Jacquemart bat sa femme...
Le Clair de Lune
Réveillez-vous, gens qui dormez,
Et priez pour le trépassés.
Le cri du veilleur de nuit
Oh! qu'il est doux, quand l'heure tremble au clocher, la nuit, de regarder la lune qui a le nez fait comme un carolus d'or !
*
Deux ladres se lamentaient sous ma fenêtre, un chien hurlait dans le carrefour, et le grillon de mon foyer vaticinait tout bas.
Mais bientôt mon oreille n'interrogea plus qu'un silence profond. Les lépreux étaient rentrés dans leurs chenils, aux coups de Jacquemart qui battait sa femme.
Le chien avait enfilé une venelle, devant les pertuisanes du guet enrouillé par la pluie et morfondu par la bise.
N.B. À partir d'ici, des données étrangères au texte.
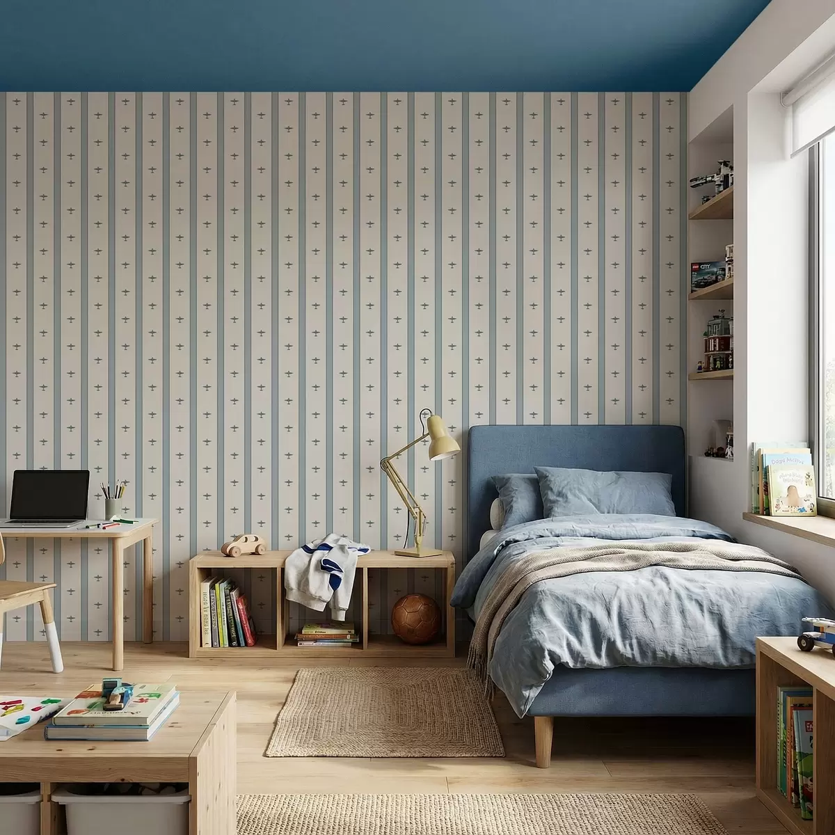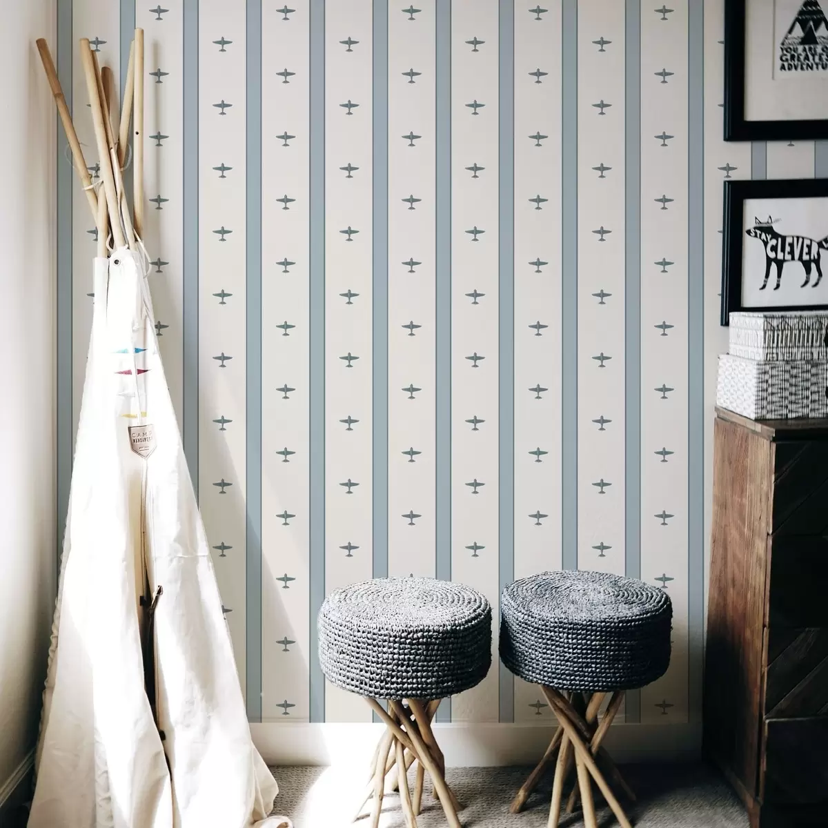 Papel tapiz Aviones pequeños a rayas sobre fondo azul Nr. a01171
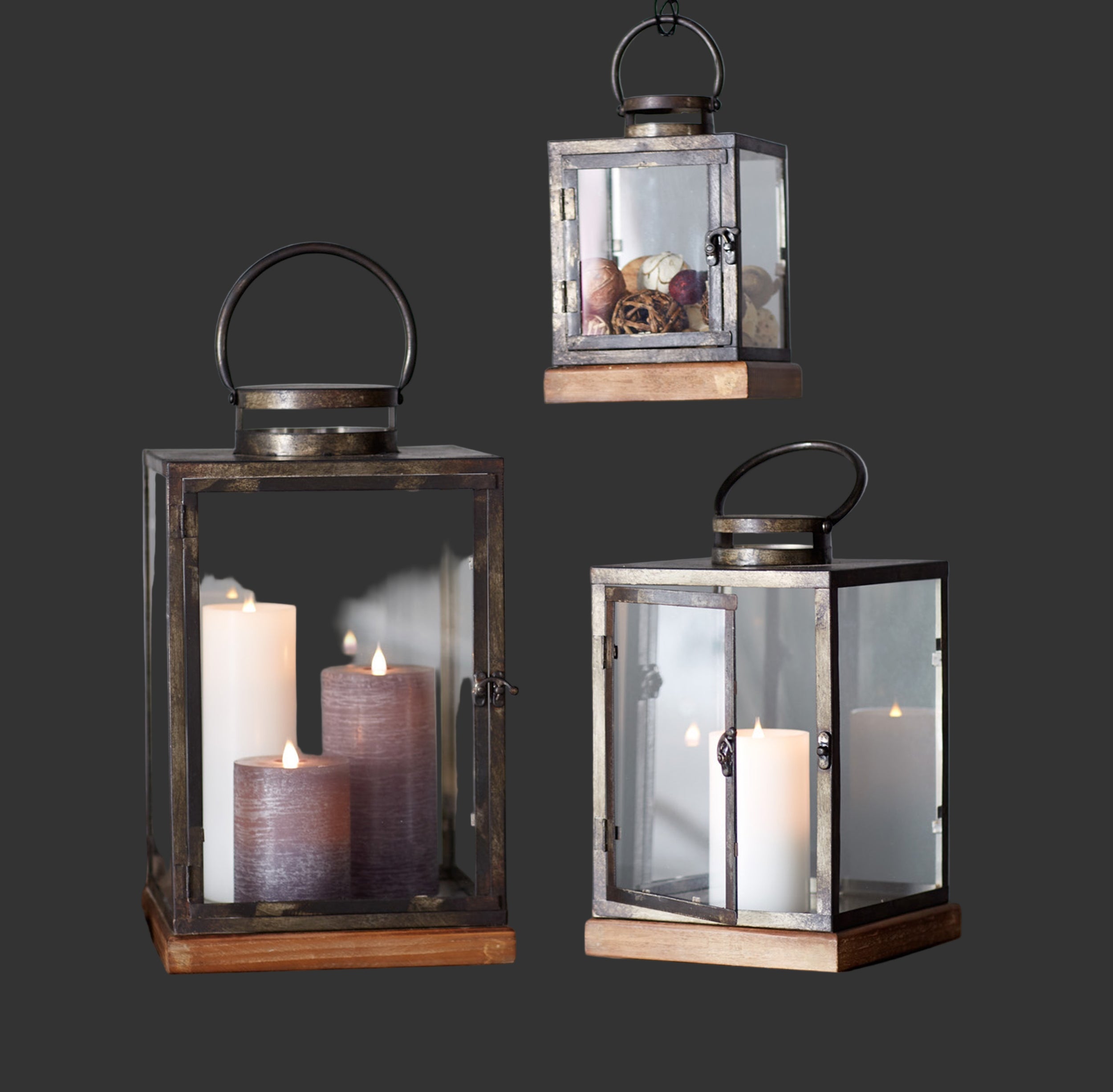 Lantern Set with Wood Base 12 Inch Height Metal and Glass Decorative Holders By Melrose
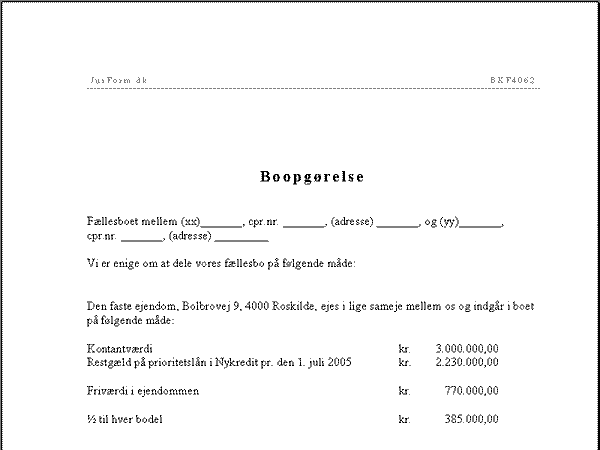 Formular til opgørelse af fællesboet ved skilsmisse eller separation. Boopgørelsen specificerer ægtefællernes respektive bodele på henholdsvis aktiver og passiver og vedlægges som bilag til bodelingsoverenskomst (BKF4061). Eksemplet omfatter både fast ejendom (bopælen, som hustruen overtager, samt sommerhus) inklusive restgæld og fælles bankkonti m.v.
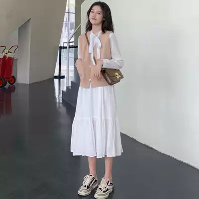 Fat mm inner dress spring and autumn 2021 new women's spring tide big size thin two-piece set foreign pie

Et le grillon s'était endormi, dès que la dernière bluette avait éteint sa dernière lueur dans la cendre de la cheminée.
Et moi, il me semblait,-- tant la fièvre est incohérente ! - que la lune, grimant sa face, me tirait la langue comme un pendu !
Aloysius Bertrand
Gaspard de la Nuit III,5
Dijon doit cet automate au duc de Bourgogne Philippe le Hardi qui l'avait tout simplement pris à Courtrai en 1382. Il sera installé sur une tour de Notre-Dame de Dijon tout près de l'horloge qui l'anime pour frapper une cloche. Ce grand bonhomme est seul encore et ne reçoit son prénom de Jacquemart que 75 ans plus tard, en 1458.
Jacqueline sera l'épouse donnée à l'automate au moins 2 siècles et demi plus tard. Puis il faudra attendre quelque 170 ans pour que vienne un fils Jacquelinet.
La famille sera complète plus d'un demi-siècle encore après en 1884 avec l'installation de Jacquelinette qui sonne les quarts d'heure avec son frère.
Un mot aussi d'Aloysius Bertrand poète et journaliste dijonnais : il est le fils d'un lieutenant de gendarmerie peut-être originaire de Saulieu. Ancien élève du Collège royal de Dijon, il créa le poème en prose avec Gaspard de la Nuit. Mais, malchanceux dans ses affaires, il vit dans la misère à Paris et meurt tuberculeux en 1841. Son œuvre sera publiée en 1842.